Neeley School of Business
- Type: Private School
- Established: 1884
- Parent institution: Texas Christian University
- Dean: Craig Crossland
- Location: Fort Worth, Texas, United States
- Website: neeley.tcu.edu

= Neeley School of Business =

Business school of Texas Christian University

The Neeley School of Business is the undergraduate and graduate business school at Texas Christian University (TCU), a private university located in Fort Worth, Texas. The Neeley School is fully accredited by the AACSB. The school provides a range of business education programs, including: BBA, Full-time MBA, Professional MBA, Accelerated MBA, Energy MBA, Health Care MBA, Executive MBA, Master of Science in Supply Chain Management, Master of Accounting, and MBA/Ed.D.

==History==
TCU was founded in 1873 by brothers Addison and Randolph Clark in Thorp Spring, Texas, as AddRan Male and Female College, and the School of Business opened in 1884 as Commercial School, renamed School of Business in 1896, and College of Business in 1901. The Department of Business Administration was established in 1922, and became the School of Business in 1938, the first year to offer a master of business administration. Student organizations included the TCU Chamber of Commerce, begun in 1939, and the Collegiate Business and Professional Women's Club. E. M. Sowell was appointed the first dean in 1944. In 1967, the School of Business was named for M.J. Neeley in honor of his personal service of 25 years on the TCU Board of Trustees and financial contributions to TCU. Applications have risen steadily in recent years. The Neeley School of Business currently makes up one-third of the TCU student population.

==Campus==
TCU is located in the Dallas-Fort Worth Metroplex, the "Fourth Best Metropolitan Area for Business," according to Forbes magazine. Metroplex corporations participate in Neeley School mentorships, internships, special projects, and hiring. The Metroplex is home to DFW International Airport. The Neeley School has active international connections and study abroad programs.

==Student initiatives==
- Neeley & Associates Consulting - MBA students work on paid projects for national and international businesses, providing hands-on experience for students and quality consultation for the business organizations.
- Neeley Fellows – Undergraduate honors program
- BNSF Neeley Leadership Program – Undergraduate leadership program
- Student Organizations – American Marketing Association, Association for Information Systems, Beta Alpha Psi, Beta Gamma Sigma, Collegiate Entrepreneurs Club (CEO), Delta Sigma Pi, Financial Management Association, Neeley Associates, Society for Human Resource Management, and Students in Free Enterprise
- Neeley Premium Credentials - A personalized professional development program.

==Centers of Study==
- Sales and Customer Insights Center

- Tandy Center for Executive Leadership
 The Tandy Center for Executive Leadership was founded by the Anne Burnett and Charles D. Tandy Foundation to strengthen American business. The center provides leadership training for major corporations and individuals through executive education, executive coaching, certification classes and a speaker series featuring prominent CEOs.
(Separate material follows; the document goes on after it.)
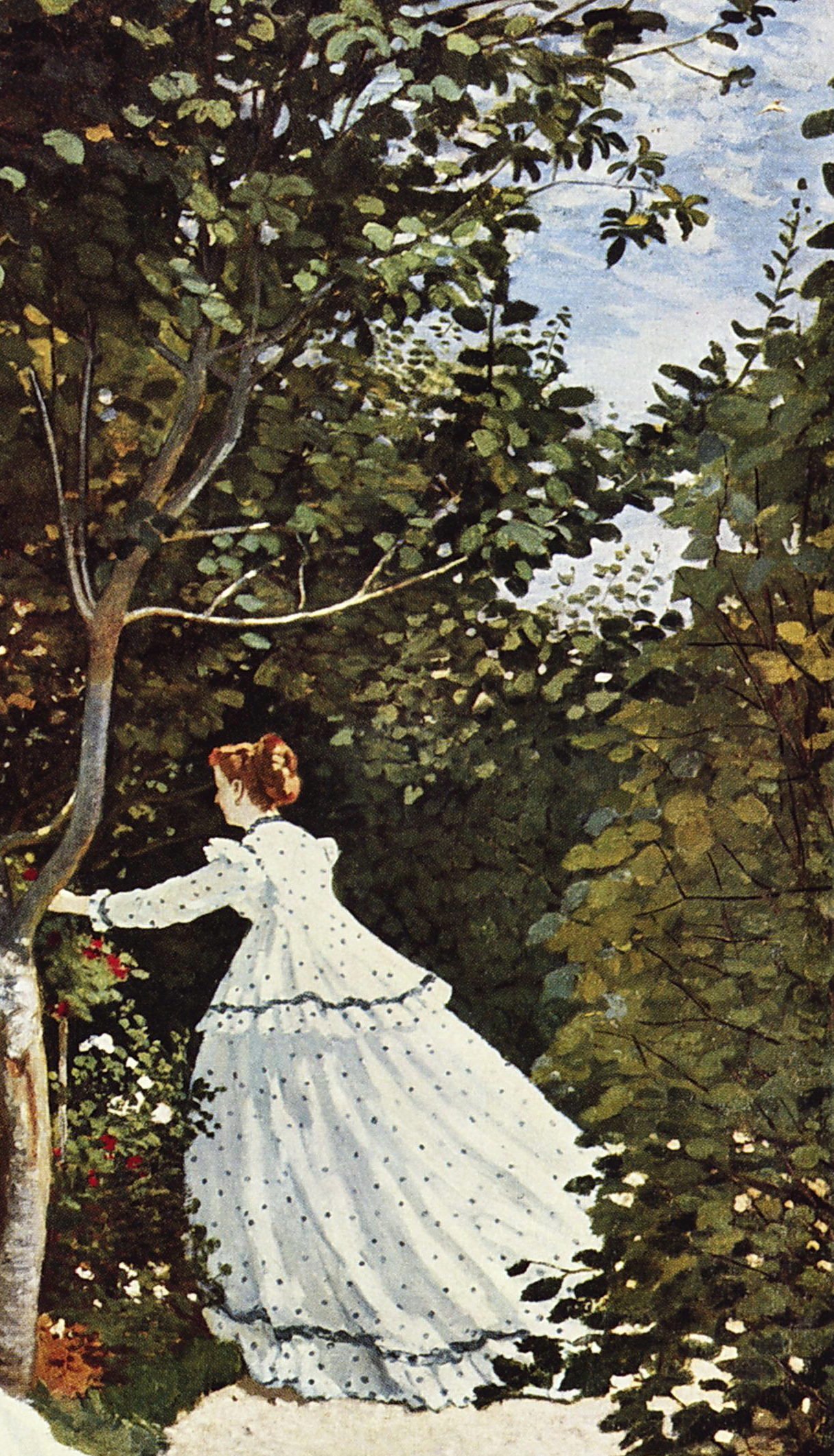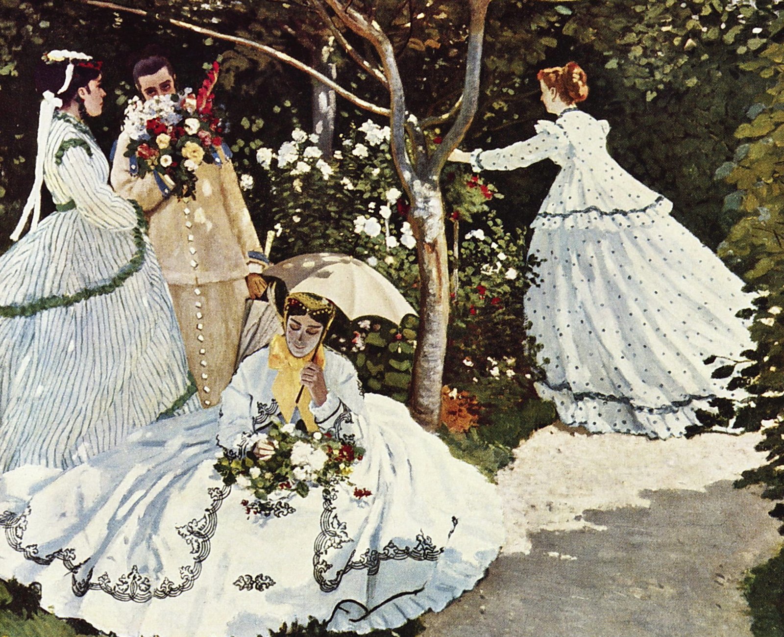 Claude Monet, (1840-1926) Bahçedeki Kadınlar (Femmes Au Jardin) adlı tablosunu 1866 yılında yapmıştır. Bu tablo, ressamın asıl teması olan ışık ve atmosferin karşılıklı etkileşimini yakaladığı ilk eseri olduğu düşünülür. Monet, bahçe yolundaki ağaçların gölgesinde duran beyazlar içindeki dört kadını samimi bir hava içerisinde resmedebilmek adına tarihi temalar için bizzat ayrılmış geniş boyutta bir tuval kullanmıştır. Bu tablo onun en iyi eserleri arasında yer almasa da Monet’yi yeni gelişmekte olan Empresyonist hareketinin öncüsü olarak teşkil etti.
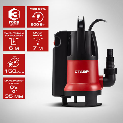 500 ВТ: Мощный электромотор обеспечивает стабильную работу и долгий срок службы насоса.

- Neeley Institute for Entrepreneurship and Innovation
 Special programs include the TCU Texas Youth Entrepreneur of the Year, Family Business Seminar, Global Student Entrepreneur of the Year, Small Business of the Year and Entrepreneurial Expo. The TCU Collegiate Entrepreneur (TCU CEO) organization is the largest in the U.S.

- Center for Supply Chain Innovation
The center hosts the annual Global Supply Chain Conference.

- LKCM Center for Financial Studies
 The LKCM Center for Financial Studies is named in honor of Luther King Capital Management, an investment advisory firm. The center sponsors the TCU High School Investor Challenge and the Investment Strategies Conference.